**ABOUT THIS EXERCISE**.
Print the line containing "- Nome database: è" and all lines after it to the end of the records below, exactly as written. No pictures.

Dataset excerpts
------------------------------------
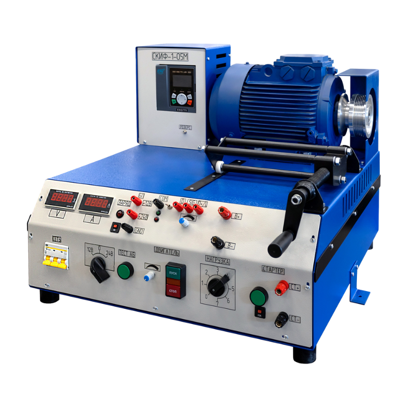 Стенд СКИФ-1-05М предназначен для проверки технического состояния снятых с автомобилей генераторов с номинальным напряжением 14В и 28В под нагрузкой, а также стартеров в режиме холостого хода. Стенд имитирует работу бортовой сети автомобиля и включает АКБ 12/24В, регулируемую нагрузку, измерительные приборы, усиленный электрический привод с частотным преобразователем и силовой источник питания для стартеров.
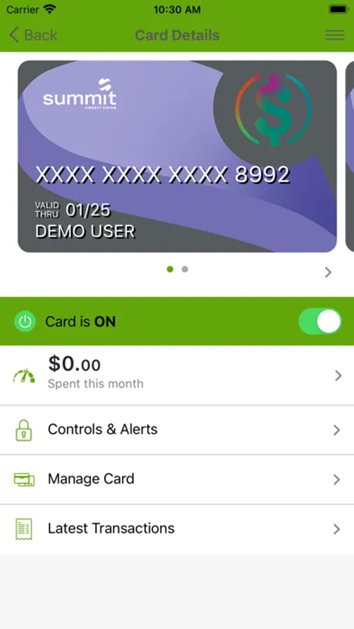 Summit Credit Union Card Controls helps you protect your credit cards by sending you transaction alerts and giving you the ability to define when, where and how your cards are used. Simply download the Summit CU Card Controls app to your smartphone, then customize your alert preferences and usage settings to monitor and manage your cards.
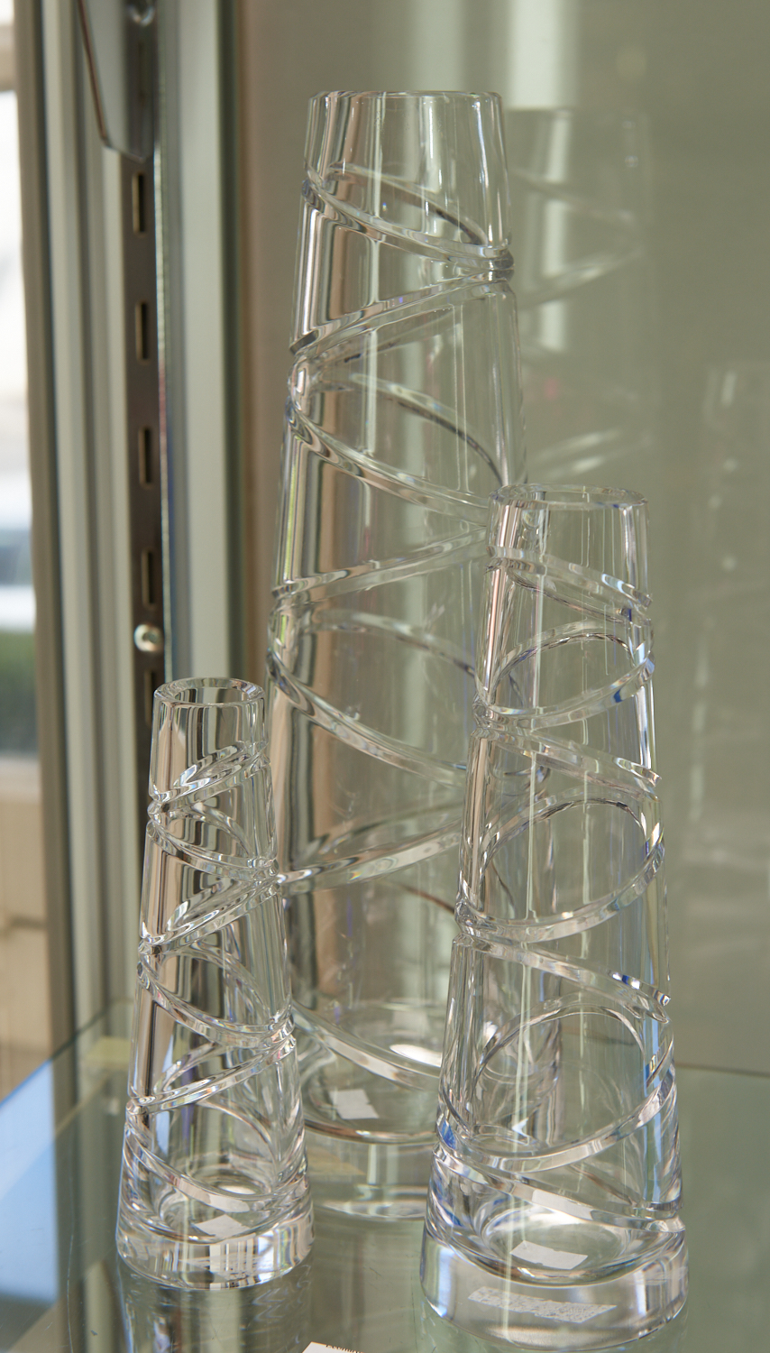THREE WATERFORD AURA VASES BY JASPER CONRAN (30 CM HIGHEST), LEONARD JOEL LOCAL DELIVERY SIZE: SMALL
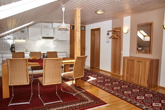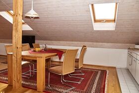 Die großzügige Ferienwohnung mit 100qm verfügt über eine Küchenzeile mit Essplatz, Coach-Ecke mit Fernseher, Badezimmer mit Dusche/WC sowie ein separates WC und drei Schlafzimmer (2 Doppelzimmer / 1 Einzelzimmer / 1 Babybett) Auf der Dachterrasse steht ein zweiter Kühlschrank für Sie bereit.
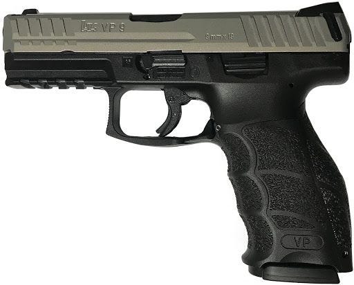 H&K VP9 Cerakote Savage Stainles Features The VP9 shares similar aesthetics with the P30, which has a direct influence on the design. However HK engineers we dissatisfied with current striker fired technology, and in particular the triggers. The VP9 trigger has a consistent pre-travel pull with a positive crisp break, while the trigger reset is short and fast making follow up shots a breeze. The VP9 is also sports a MIL-STD-1913 picatinny rail as well as HK’s hostile environment finish. H&K VP9 Specifications: Heckler & Koch VP9 Semi Auto Pistol 81000194 9mm Luger 4.09″ Polygonal Barrel 6 groove 1:9.8″ right hand twist 15 Round capacity High grade fiber reinforced polymer frame Interchangeable back strap inserts Ambidextrous magazine release Firing Pin block Trigger latch safety Tool-less field strip Mil-STD-1913 picatinny rail with four segments rated to 5.6 ounces for lights, lasers and accessories Extended service life 3 Dot, Radioactive Luminous Striker Fired 5.4lbs trigger pull .24″ trigger travel .12″ return trigger travel Recoil operated with browning type modified linkless locking system 7.34″ Overall length 5.41″ Tall 1.32″ Wide 6.38″ Sight radius 3.28 ounces without magazine 25.56 ounces with magazine Black/Stainless VP9 vs VP9SK Review VideoSEE ALL VP9 AND VP9SK
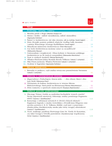 MOST2.qxd 05-04-01 15:21 Page 5 spis treœci Wstêp 7 Problemy, motywy, tematy 1. Weselna pieñ o Bogu (Wac³aw Oszajca SJ) 2. Tristan i Izolda mi³oæ nieunikniona, mi³oæ niemo¿liwa (Agnieszka Fuliñska) 3. mieræ w redniowieczu: nie taka straszna, jak j¹ maluj¹ (Jacek Inglot) 4. Dwie Kroniki: portrety polskich w³adców wed³ug Galla Anonima i mistrza Wincentego zwanego Kad³ubkiem (Jacek Inglot) 5. Filozoficzni mistrzowie redniowiecza (Piotr Marciszuk) 6. Czy ludzi redniowiecza mo¿emy uznaæ za szczêliwych? (Aleksandra Klêczar) 7. Uniwersalizm i wyj¹tkowoæ. Obraz kobiety w literaturze polskiego redniowiecza na tle tradycji europejskiej (Aleksandra Mochocka) 8. Teatr w wiekach rednich (Micha³ Mochocki) 9. W³adca Piercieni Johna Ronalda Reuela Tolkiena (Jakub Z. Lichañski) 10. Film Petera Jacksona W³adca Piercieni (Jakub Z. Lichañski) 11. Ocalone w legendzie (Agnieszka Fuliñska) 10 15 21 28 34 44 50 57 64 70 74 Matura wewnêtrzna 1. Retoryka w praktyce, czyli analiza retoryczna przemówienia Sarumana (Jakub Z. Lichañski) 80 Analizy i interpretacje wierszy 1. Bogurodzica i Pos³uchajcie, bracia mi³a dwa obrazy Maryi i dwa typy liryki (Marzenna Fitas) 2. Nawi¹zania do kultury redniowiecza w wierszu Mirona Bia³oszewskiego Stara pieñ na Binnarow¹ (Roman Mazurkiewicz) 3. Dwie rozmowy o sprawach ostatecznych (Krystyna Zbytniewska) 88 92 105 Zadania poziomu podstawowego 1. Dlaczego Tristan i Izolda s¹ symbolem kochanków wszech czasów? Swoj¹ odpowied umotywuj, dokonuj¹c analizy poni¿szego fragmentu tekstu (Joanna J. Gawlikowska) 2. Korzystaj¹c z informacji zawartych w dwóch ró¿nych tekstach fragmencie legendy o smoku wawelskim z Kroniki Jana D³ugosza oraz urywku powieci J. R. R. Tolkiena Hobbit, czyli tam i z powrotem zbuduj pe³n¹ charakterystykê smoka jako istoty wrogiej cz³owiekowi (Joanna J. Gawlikowska) 3. Oceñ, analizuj¹c parafrazê Pierwszego Listu w. Paw³a do Koryntian, czy tekst George'a Orwella prawdziwie charakteryzuje wspó³czesny wiat (Joanna J. Gawlikowska) 112 118 126 MOST2.qxd 05-04-01 15:21 Page 6 spis treœci 4. Wska¿ podobieñstwa i ró¿nice w przedstawieniu postaci Matki Boskiej w dwóch tekstach: Bogurodzicy i Pos³uchajcie, bracia mi³a (Joanna J. Gawlikowska) 136 Test czytania ze zrozumieniem 1. O mi³oci (Gra¿yna Bogucka, Janusz Wojczakowski) 146 Analizy obrazów 1. Mistrz szko³y z Arras Ofiarowanie serca (Ma³gorzata Konopiñska) 2. Mistrz Godzinek de Rohan Zmar³y przed S¹dem Bo¿ym 20 (Ma³gorzata Konopiñska) 24 27 33 43 49 56 124 (Ma³gorzata Konopiñska) 128 135 155 3. Malarz ma³opolski Epitafium Jana z Ujazdu (Ma³gorzata Konopiñska) 4. Witra¿ z ratusza w Lüneburgu Król Artur (Ma³gorzata Konopiñska) 5. Francesco Traini w. Tomasz z Akwinu (Ma³gorzata Konopiñska) 6. Hans Memling Portret m³odzieñca (Ma³gorzata Konopiñska) 7. Rogier van der Weyden Portret damy (Ma³gorzata Konopiñska) 8. Paolo Ucello w. Jerzy (Katarzyna Myrcik, Ma³gorzata Konopiñska) 9. Simone Martini w. Marcin dzieli siê p³aszczem z ubogim 10. Giotto Kazanie w. Franciszka do ptaków (Katarzyna Myrcik) 11. Dirk Bouts w. Krzysztof (Ma³gorzata Konopiñska)
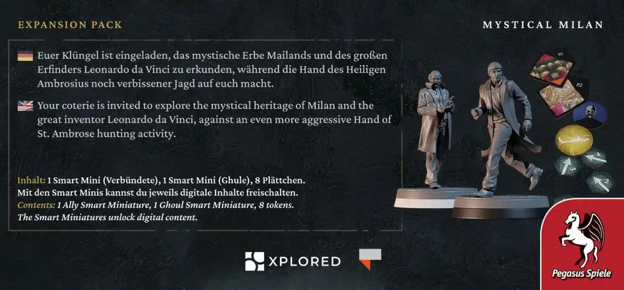 Euer Klüngel ist eingeladen, das mystische Erbe Mailands und des großen Erfinders Leonardo da Vinci zu erkunden, während die Hand des Heiligen Ambrosius noch verbissener Jagd auf euch macht. Mit dieser Story-Erweiterung Mystical Milan werden ca. 4 Stunden an neuen, digitalen Inhalten im Grundspiel Vampire: The Masquerade – Milan Uprising freigeschaltet, die die Spielenden noch tiefer in die Geschichte eintauchen lassen. Dies ist eine Erweiterung, kein Grundspiel. Zum Spielen werden zusätzlich das Teburu Board sowie das Grundspiel Vampire: The Masquerade – Milan Uprising benötigt. Außerdem ist eine kostenlose digitale App erforderlich (deutsche Version verfügbar).
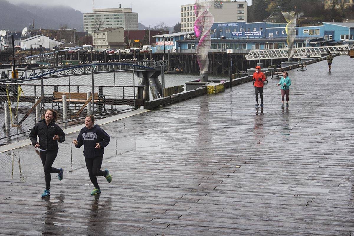 Runners jogged through rain and wind from the Hurff A. Saunders Federal Building, down the cruise ship piers and turning around halfway at Mount Roberts Road.
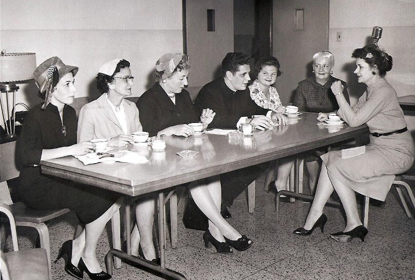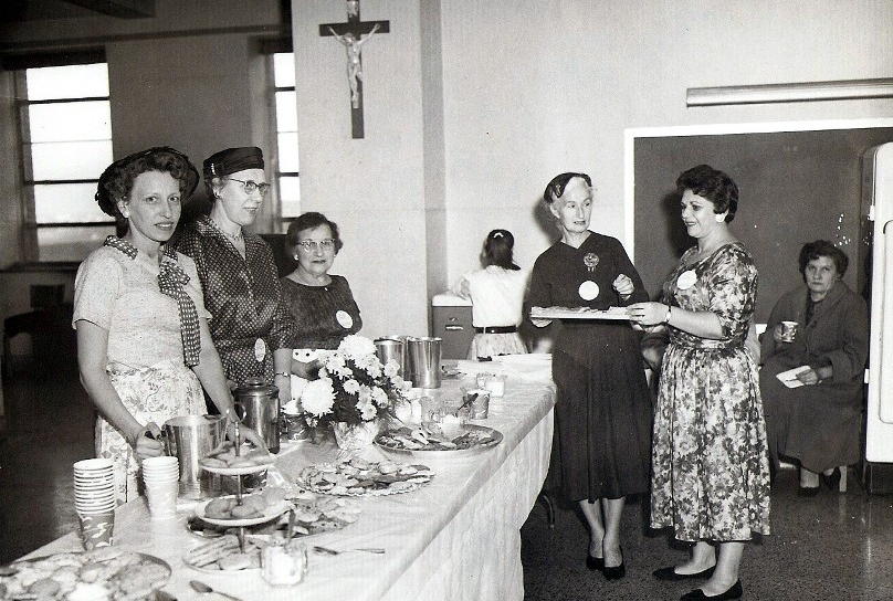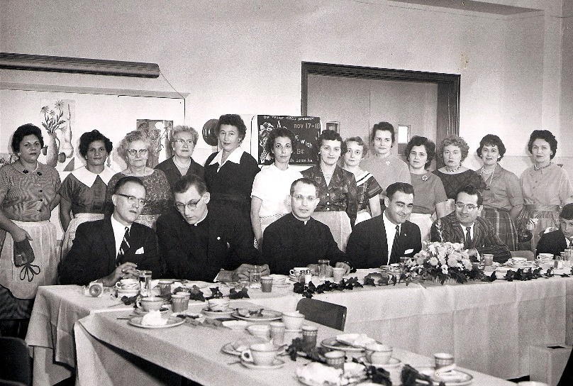 The Loreto Women's Guild hosts an Open House on November 22, 1959. A Women's Guild meeting in 1959. The Holy Name Communion Breakfast on November 13, 1960. Women's Guild members (left to right): Mrs. Calabria, Mrs. Colletti, Mrs. Chianese, Mrs. Zentgraf, Mrs. Munkittrick, Mrs. Donley, Mrs. Gilligan, Mrs. Romanowski, Mrs. Harkins, Mrs. Szolis, Mrs. Loper and Mrs. Jardine. Seated are (left to right): Leo Gutoski, Rev. Paul Lackner, Fathre Garbin, James Priscaro and Adam Stella. Loreto Women's Guild presents new china to Pastor Garbin on November 22, 1960. Pictured are Mrs. Donley, Mrs. Eastland, Mrs. Moorhead, Mrs. Dunlap and Mrs. Harkins. Click on images for larger photos * Photos provided by Our Lady of Loreto Archives * |
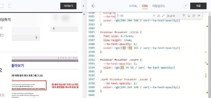 이제 블로그 관리-꾸미기-스킨편집-html 편집-CSS로 들어간다.
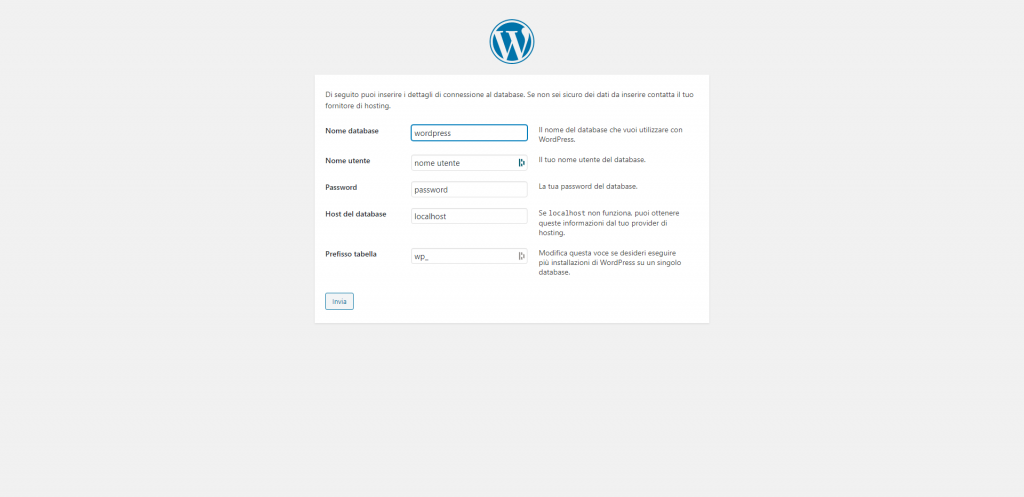 - Nome database: è il nome che abbiamo dato prima al database creato con phpmyadmin, in questo caso “wp-test“.
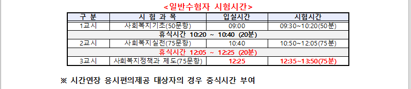 시험시간은 일반시험자, 응시편의 제공 대상자로 나뉩니다.
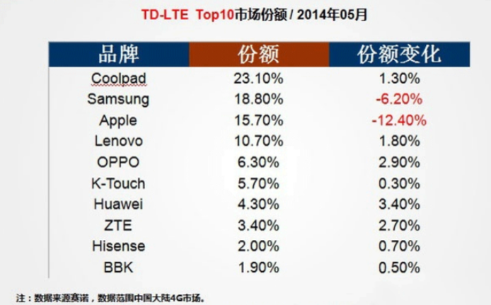 彼时,酷派与中兴、华为、联想被称为“中华酷联”,成为了国产机市场的四大霸主之一。2012年,酷派在国内手机市场拥有11%的市占率,这一份额在2014年5月上升至23.1%,酷派也成功力压三星和苹果,登上了国内手机市场的榜首。
------------------------------------
**REPLY TO THE TASK**.
 - Nome database: è il nome che abbiamo dato prima al database creato con phpmyadmin, in questo caso “wp-test“.
 시험시간은 일반시험자, 응시편의 제공 대상자로 나뉩니다.
 彼时,酷派与中兴、华为、联想被称为“中华酷联”,成为了国产机市场的四大霸主之一。2012年,酷派在国内手机市场拥有11%的市占率,这一份额在2014年5月上升至23.1%,酷派也成功力压三星和苹果,登上了国内手机市场的榜首。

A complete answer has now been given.